Я шла в логово льва, и мне нужно было все оружие, которое я могла достать. Не только для защиты себя, но и для защиты Данте, даже для защиты Фрэнки и остальных участников команды Данте, которые за последние несколько месяцев стали для меня чем-то вроде семьи.
Любовь Данте пронзила меня до глубины души, разрушив все предвзятые представления о правильном и неправильном, даже о собственной личности и желаниях. Я собиралась сойти с этого самолета новой женщиной, и впервые в жизни меня взволновало отсутствие предусмотрительности и структурированности.
Поэтому, когда самолет плавно приземлился на частной взлетной полосе за пределами Неаполя, я взяла предложенную Данте руку с широкой улыбкой, которая заставила его моргнуть.
Я все еще улыбалась, когда стюардесса открыла дверь, и я шагнула под слепящее солнце зимнего дня середины утра в моем родном городе. Это было то самое солнце, которое ослепило меня всего на мгновение.
В это мгновение я услышала серию механических щелчков, будто замки задвигаются на место.
Я нахмурилась, моргая от солнечных лучей, но Данте уже притянул меня обратно к своей груди, а затем слегка отстранился.
Наконец, я поняла, почему.
Щелчки были не поворотом замков.
А серией заряжаемых пистолетов.
– Ciao, дон Сальваторе (пер.с итал. «здравствуй»)!
Кто-то тепло позвал по-итальянски человека, который вышел из скопления вооруженных солдатов и направился к лестнице, ведущей к самолету.
Данте не шелохнулся, пока невысокий, полноватый мужчина с бриллиантами в обоих ушах поднимался по лестнице и остановился перед нами. У него были маленькие темные глаза, блестящие, как нефтяное пятно, и просто сальные. С веселой ухмылкой он поднял массивный пистолет в левой руке и прижал его так высоко, как только мог дотянуться Данте, прямо к мягкой нижней части подбородка.

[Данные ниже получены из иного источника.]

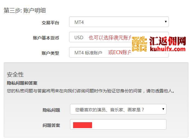 4、填写账户明细。选择交易平台为MT4,账户基本货币为美元(USD)或澳元(AUD),账户类型为标准账户或ECN账户。 此外,隐私问题请务必自己记住,不要遗忘丢失。
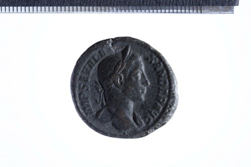 Busto laureato di Alessandro Severo a d., con paludamentum sulla spalla s.; contorno perlinato.
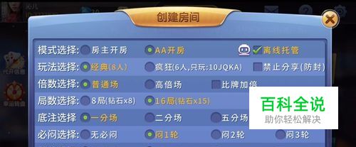 然后点击创建房间,根据所需的玩法创建房间,然后点击确认。常见的模式支持:模式选择、玩法选择、倍数选择、局数选择、底注选择、闭门选择等功能。

– BenvenutoaNapoli. (пер. с итал. «добро пожаловать в Неаполь»)
Добро пожаловать домой.
Глава 3
Данте
Рокко Абруцци был типичным мафиози. Его интересовали деньги, девушки и власть. У него было две бывшие жены и одна нынешняя, каждая моложе предыдущей, а также две любовницы, которых он держал на разных концах города. Одна из них была стильной, другая дрянной, что было характерно для Пьяцца Гарибальди, где процветала грязная часть города (прим. «Пьяцца Гарибальди» одна из самых популярных и оживленных площадей Неаполя). Он вырос в глубокой нищете, как и многие солдаты Каморры, но причина, по которой он процветал и поднимался по карьерной лестнице, когда многие этого не делали, заключалась в том, что у Рокко имелась злая жилка шириной в километры. Он любил бить своих жен, сам наносить удары, хотя доны, как правило, никогда не выполняли собственные заказы на убийство, и его уличные бандиты называли его «Скалистый Рокко», потому что он мог избить человека только за то, что тот не так на него посмотрел.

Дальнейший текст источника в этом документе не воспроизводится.